Cost-Optimal Algorithms for Planning with Procedural Control Knowledge
This work addresses the problem of improving planning efficiency and robustness for domain authors in hierarchical planning, though it is incremental as it extends existing formalisms and heuristics.
The paper tackles the lack of search guidance techniques in hierarchical planning formalisms like HTN planning, which burdens domain authors and leads to brittle models, by developing HOpGDP, a Hierarchically-Optimal Goal Decomposition Planner that uses a new admissible heuristic $h_{HL}$; experimental results show it compares favorably to optimal classical planners and a blind-search version in three benchmark domains.

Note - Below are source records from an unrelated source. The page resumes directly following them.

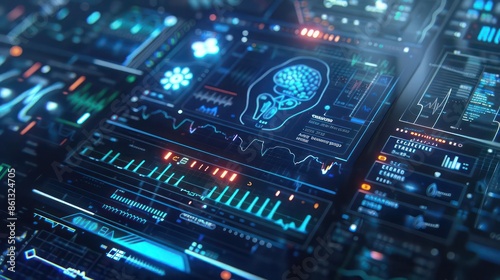 Closeup of a futuristic digital health monitoring system for medical business with ample copy space
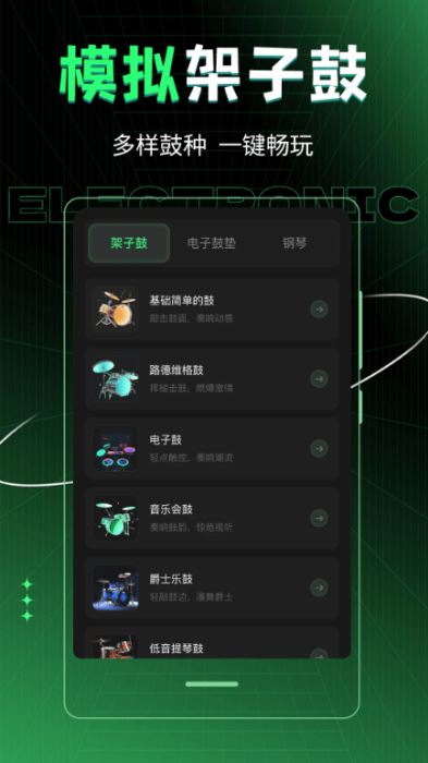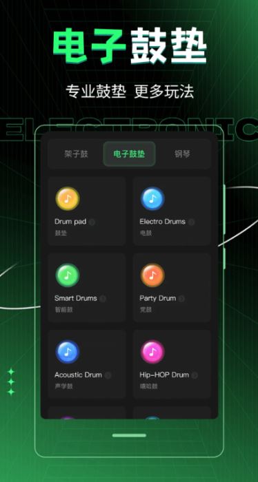 集成多種虛擬樂器(電子合成器、架子鼓、鋼琴等)滿足個性化創(chuàng)作需求。
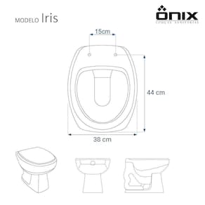 Compatível com o modelo Irisda marca Onix, este assento se encaixa perfeitamente no vaso sanitário.
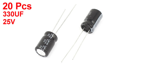 Product Name Electrolytic Capacitor Type Radial Leads Temperature Range -40~+105C Voltage 25V Capacitance 330uF Body Size 8 x 12mm/0.3" x 0.47"(D*H) Lead Space 3mm/0.12" Lead Length 22mm/0.85" , 26mm/1" External Material Aluminum Total Net Weight 20g Main Color Black Package Content 20 x Electrolytic Capacitors - Reviews
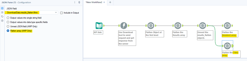 I connect a new JSON Parse tool to connect to the previous JSON Parse tool. In the Configuration window, at the JSON field, I selected DownloadData.results and chose the option Flatten Array (AMP Only) as I wanted to flatten the Results array.
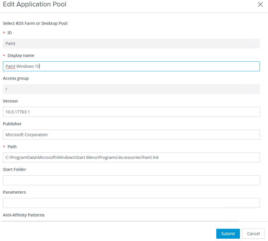 In order to differentiate this application pool for the users, I will rename shortcut to «Paint Windows 10». I select “Paint” and click “Edit”
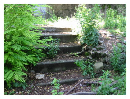Die Treppe ist schwer unter dem Laub zu sehen.
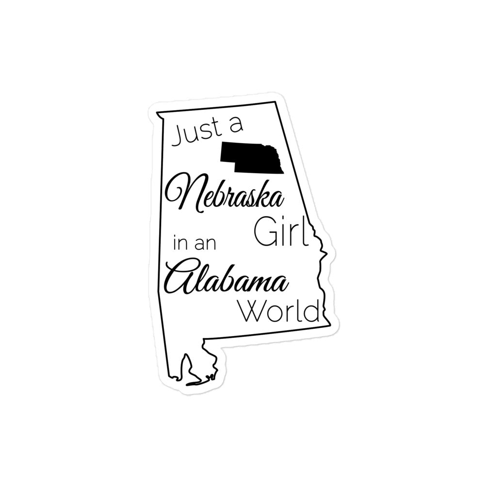 Just a Nebraska Girl in an Alabama World Bubble-free stickers

There is an impressive body of work on developing heuristics and other reasoning algorithms to guide search in optimal and anytime planning algorithms for classical planning. However, very little effort has been directed towards developing analogous techniques to guide search towards high-quality solutions in hierarchical planning formalisms like HTN planning, which allows using additional domain-specific procedural control knowledge. In lieu of such techniques, this control knowledge often needs to provide the necessary search guidance to the planning algorithm, which imposes a substantial burden on the domain author and can yield brittle or error-prone domain models. We address this gap by extending recent work on a new hierarchical goal-based planning formalism called Hierarchical Goal Network (HGN) Planning to develop the Hierarchically-Optimal Goal Decomposition Planner (HOpGDP), an HGN planning algorithm that computes hierarchically-optimal plans. HOpGDP is guided by $h_{HL}$, a new HGN planning heuristic that extends existing admissible landmark-based heuristics from classical planning to compute admissible cost estimates for HGN planning problems. Our experimental evaluation across three benchmark planning domains shows that HOpGDP compares favorably to both optimal classical planners due to its ability to use domain-specific procedural knowledge, and a blind-search version of HOpGDP due to the search guidance provided by $h_{HL}$.